F. Manufacturing scale-up
Optrode arrays are complex devices combining electrical and photonic components integrated on flexible substrates appropriate for biological applications. Their fabrication processes involve multiple, non-automated steps and is currently done manually in a cleanroom environment. The complexity of these processes depends on the components involved, which are unique or not normally encountered in conventional MEA fabrication. These challenges will be exacerbated when manufacturing scale-up is required.

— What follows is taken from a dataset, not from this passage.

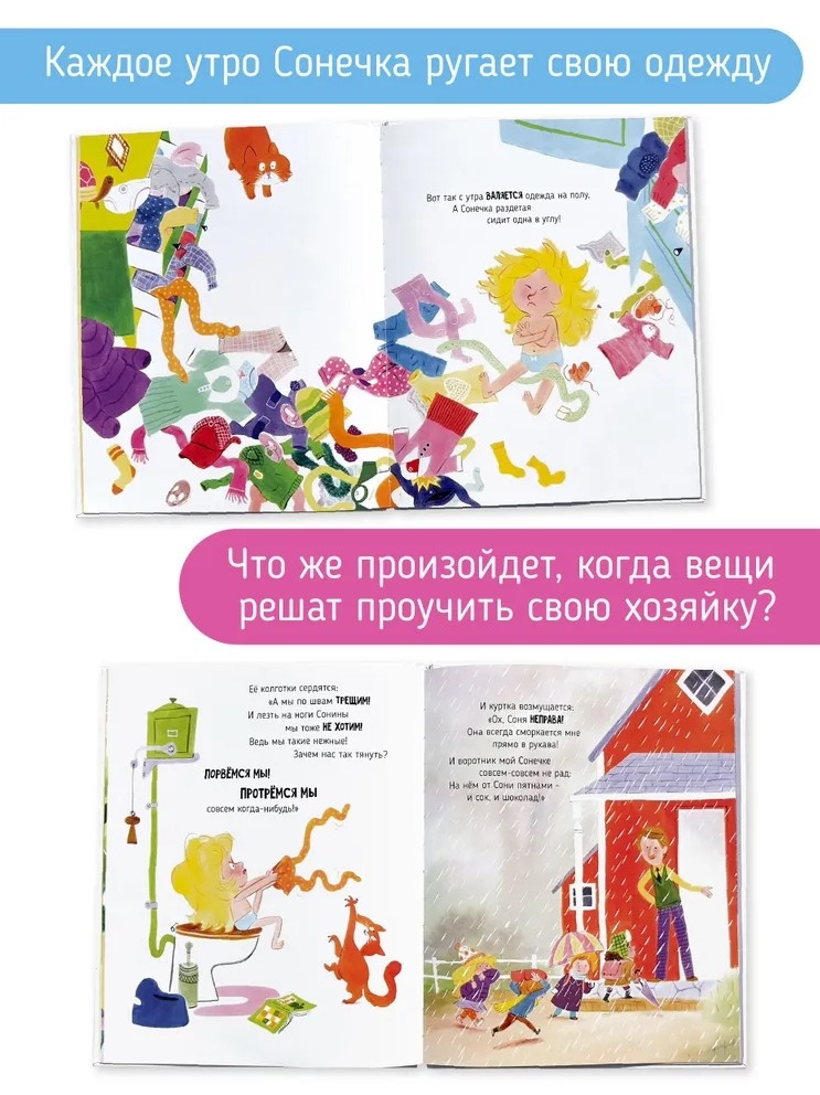 Каждое утро Сонечка ругает свою одежду. Она совсем не любит ее надевать! Однажды платьица, юбочки, брючки и все-все-все остальные вещи очень обиделись на хозяйку. Ведь девчушка очень плохо обращается с ними! Что будет, если они решат проучить Сонечку?

One of the major hurdles in selecting a fabrication system to manufacture optrode arrays is the use of numerous different substances being constructed in an automated single process. Optrode arrays require meticulous positioning of transparent and conductive substances, light-activated and photonic components, and additional optical connectors in different layers. The compatibility of materials (especially soft materials) with each other and with fabrication processes, the ability to deposit them at the same time, and the incorporation of novel elements into the manufacturing process all require unconventional thinking.
Additive manufacturing has emerged as a promising complementary fabrication technology for the production of optical as well as electrical components in electrophysiology devices. The ability to accurately lay out multiple materials with a high resolution and precision is vital for the fabrication of any multi-layered interface. When constructing multilayer devices with multiple materials, the need for post-processing steps to ensure structural integrity and reduced surface roughness brings challenges and opportunities to advance 3D printing technologies.
Two-photon polymerization and inkjet printing are some 3D printing examples used for transparent optoelectronics. Two-photon polymerization has been proven to print shapes with sub micrometer precision for 3D hybrid structures using a mixture of polymers and nanoparticles. However, the system's compatibility with different ranges of materials and fabrication speeds are still restricted.344 Inkjet printing offers the potential for large-scale, batch processing outputs and provides the flexibility to print a variety of materials counting dielectrics, conductors, and active materials on a variety of substrates such organic and flexible substrates, plastic and papers, in addition to the conventional silicon and glass wafers. This allows for rapid and cost-effective prototyping where, for instance, resistors and conductors can be manufactured at room temperature simultaneously with reduced material waste.345–347
An example of such printing technologies is reported by Athanasiadis et al. for the fabrication of a multifunctional membrane with embedded electrical, optical, and fluidic components on a flexible silicone carrier substrate.348 Different printing systems were utilized, such as micro-extrusion and inkjet printing, to fabricate and combine these components into a single device using different types of transparent silicone elastomers as the main flexible material. The fabricated membranes were hundreds of micrometers in size and successfully stimulated and recorded optogenetic hiPSC-derived cardiomyocytes. The study found that while 3D printing offers unique advantages, such as ease of prototyping and the ability to create complex geometries, challenges in achieving miniaturized features, high-resolution deposition, and surface smoothness remain persistent.348
The ability to manufacture optrode arrays using rapid, technology-driven techniques looks promising but pose major challenges, such as achieving high resolution and integrating multiple materials evenly in multi-layer configurations. For effective fabrication, the right materials selection and materials' compatibility with the 3D printing process are vital aspects. Recent developments in 3D printing techniques have led to promising outcomes with the hope of opening up future explorations on improving the capabilities of 3D printing or integrating multiple printing systems for the commercial production of optrode arrays.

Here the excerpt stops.